His eh answers, his medium answers and his weak answers. And he’ll probably come back again to talk to us because this is a different kind of format than those very quick cable news hits where you just get the very tippy top of your talking points out in three or four minutes. So if you guys are interested in hearing about different topics, let me know so we can, we can ask him those questions. His primary platform, I actually didn’t talk about at all his, his, his issue that he’s running on, which is ESG. You and I talk about ESG all the time and he’s so vocal on ESG, I thought that, you know, if you want to learn about where he stands on that, we could have a whole separate episode on that. Or you can look up some of his other talking points. 

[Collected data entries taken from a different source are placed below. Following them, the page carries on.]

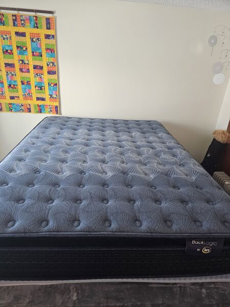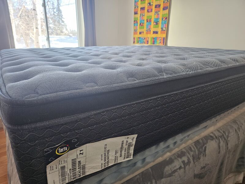 Black logic Serta brand. Bought last August for family visits during the Christmas Season. In excellent condition with the factory and shipping tags still attached. Always has had a mattress protector on it.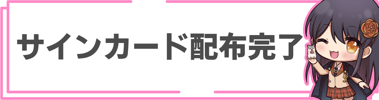 確認はしておりますが、「参加したのにサインカードが送られていない」「別の方のサインカードが送られている」 などありましたらご連絡ください!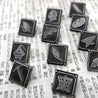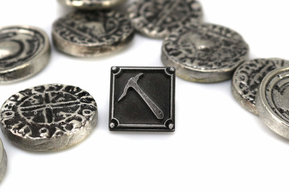 Each of our collectible pins is hand crafted with quality and care as our main priority. They start out as hand sculpted models that are then molded and cast with a special crystal resin and metal powder mix. This cast is then cleaned and aged using a method that brings out the design out to a shiny finish and leaves the piece with an antiqued feel. Each one is cleaned and secured to hypoallergenic pin using super strong adhesive, leaving the finish piece lightweight and durable!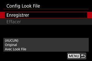 - Si vous prévoyez d'éditer un fichier d'image personnalisée et d'enregistrer un fichier Look en même temps, effectuez l'enregistrement du fichier Look en dernier.

There are some interesting things that he claims about his company that supposedly anti-ESG investing that I think we could address. But let me know what you want to hear from him and in the meantime, make sure you subscribe to the show. My goal and my hope for the upcoming 2024 presidential election is to invite all of the presidential candidates on both sides of the aisle to come and have this longer sit down with us where we can ask these in-depth questions and analyze their thought processes and their judgment and how, who they are, how they think, where they stand on these issues, especially some of the more uncomfortable issues. So presidential candidates, if you are courageous enough to do this, if you are confident enough to do this, if you understand that this is a good faith exchange, answering all these things that are important to us, the voters whose vote you are courting stick around because we’re going to be doing this for the next year and a half. Thank you for watching. Thank you for listening. I’m Liz Wheeler. This is the Liz Wheeler Show.